On the first day of summer vacation between seventh and eighth grade, Jenna MacDonald does the dumbest thing ever. She jumps from the McNeil Island boat dock into the water to save a little girl from drowning. McNeil Island is a prison in the middle of Puget Sound. It's where Jenna's dad lives, and she is there with her mother, brother, and grandparents for a visit.
Her dad was recently transferred to the island, and Jenna, her mother and brother transferred too, to live with Jenna's grandparents. Jenna has been trying to join The Snoops, her school's in-group. They're racially mixed. She's part Native American. Though they're really looking for an Hispanic, they are evaluating her.
Jenna isn't permitted to tell her new friends that her dad is in prison. It's her mother's rule. Prison reflects on wives and children. Keeping the fact of prison secret becomes more difficult when the newspaper runs a story about a Good Samaritan rescue at the McNeil Island Corrections Center. No names are mentioned, but Jenna's mother is furious. Jenna stays out of her mother's way, and collects the news clippings about the incident. She writes in her journal about her wish to tell the truth.
Just as Jenna is forming a friendship with one of The Snoops, another learns about her dad and prison by snooping in Jenna's room. The group leaders vote to exclude Jenna, but the forming friendship survives, and a new one begins when the former boyfriend of a Snoops leader reveals his real dad is in prison too.
An Inmate's Daughter is a fictional account of the reality faced by over 2 million American children with a parent in prison or jail. The children are doing time too.
This offers a perspective I haven't seen in children's novels: the impact of incarcerated parents on their children. Not the strongest story.

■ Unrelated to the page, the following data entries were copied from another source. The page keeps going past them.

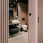 Badeværelserne har et badekar, separat toilet og en bruser.
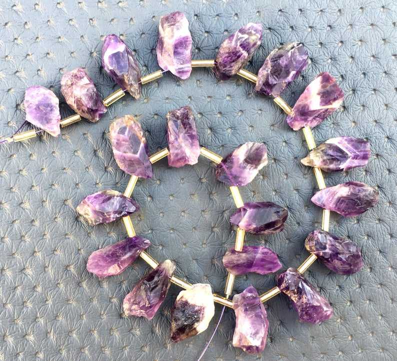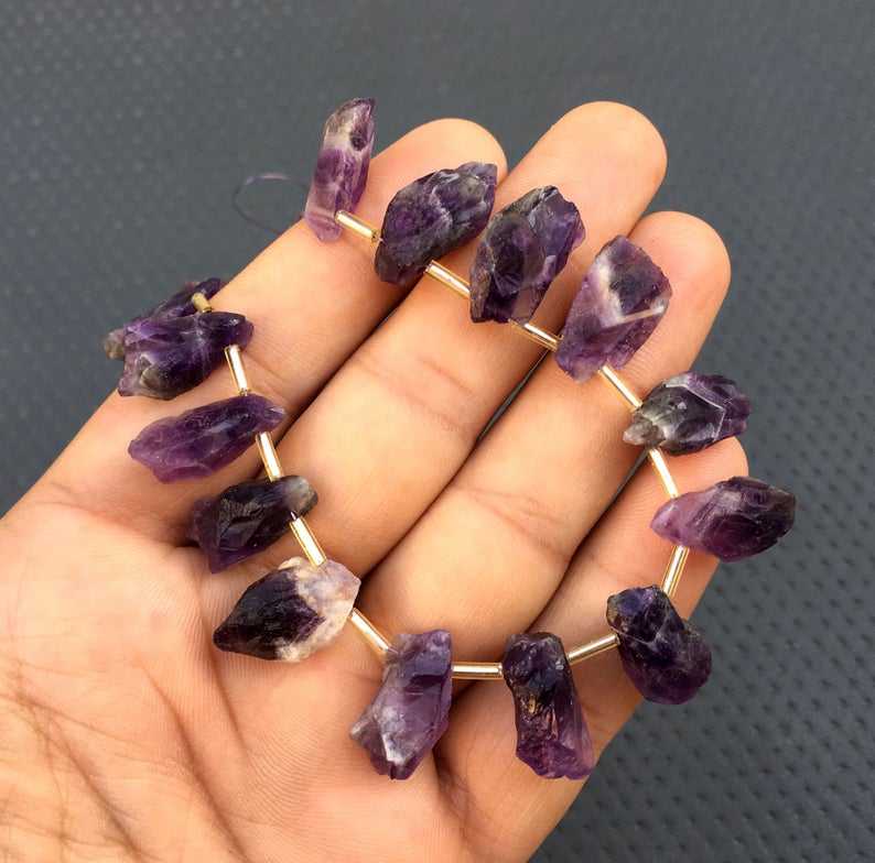 หินอเมทิสต์ชีวภาพ21ชิ้นเจาะด้านบนอัญมณีหยาบรูปร่างไม่สม่ำเสมอเครื่องประดับแฮนด์เมด
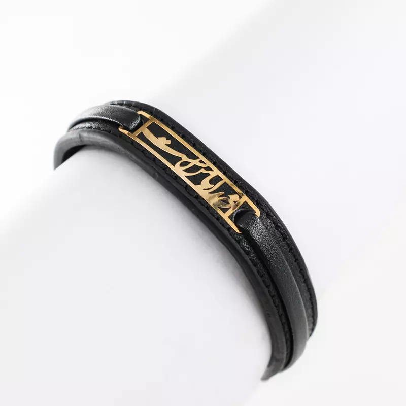 دستبند چرم طلا نیوکالکشن همراه با پلاک لیزری (خدا با من است)
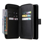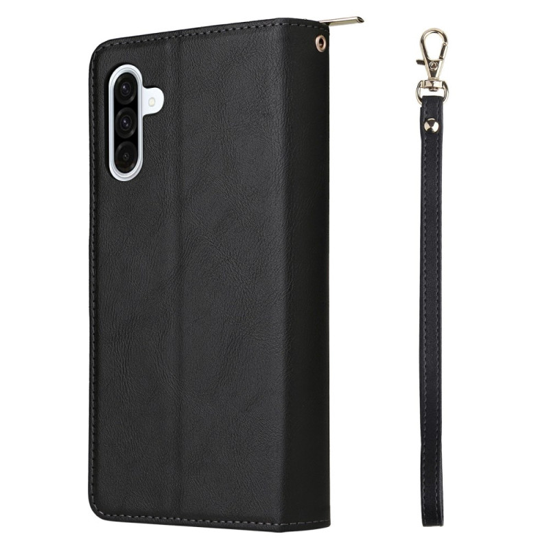 Multifunktionale Tasche aus PU-Leder für das Samsung Galaxy A57 5G. Verfügt über 9 Kartenfächer, ein Reißverschlussfach für Bargeld und eine praktische Handschlaufe. Sicherer Magnetverschluss und integrierte Halterung für die freihändige Nutzung.

Jenna's dad is serving prison time on McNeil Island for the crime of murder. Jenna's mother has a strict rule that no one in the family talk about their father being in prison, that people will look upon the family as criminals. Because of this rule, Jenna is afraid to make new friends in her grandparents' town where they've moved to be closer to McNeil. Currently, she and Andi are being "evaluated" for acceptance by the Snoops, an exclusive group of diverse girls who hang out together. If her potential friends ever found out about her father... Jenna finds it very difficult to maintain the family secret especially when she learns that Andi's dad is a police officer. She understands what her father means when he says prisoners are not the only ones serving time; so do their children.
This was a good book but it didn't really make me want to keep reading it because I wasn't interested after about 70 pages. I choose this book because my dad wanted me to read it. I would recommend this to another student because a lot of people go through what the girl did in the book. I think Jan walker wrote this book because she taught parenting and family classes to hundreds of men like Jenna's dad.
weak story, unbelievable characters, and very clumsy themes. it had potential and i DID finish it, but wish i could have back the time that it took, now.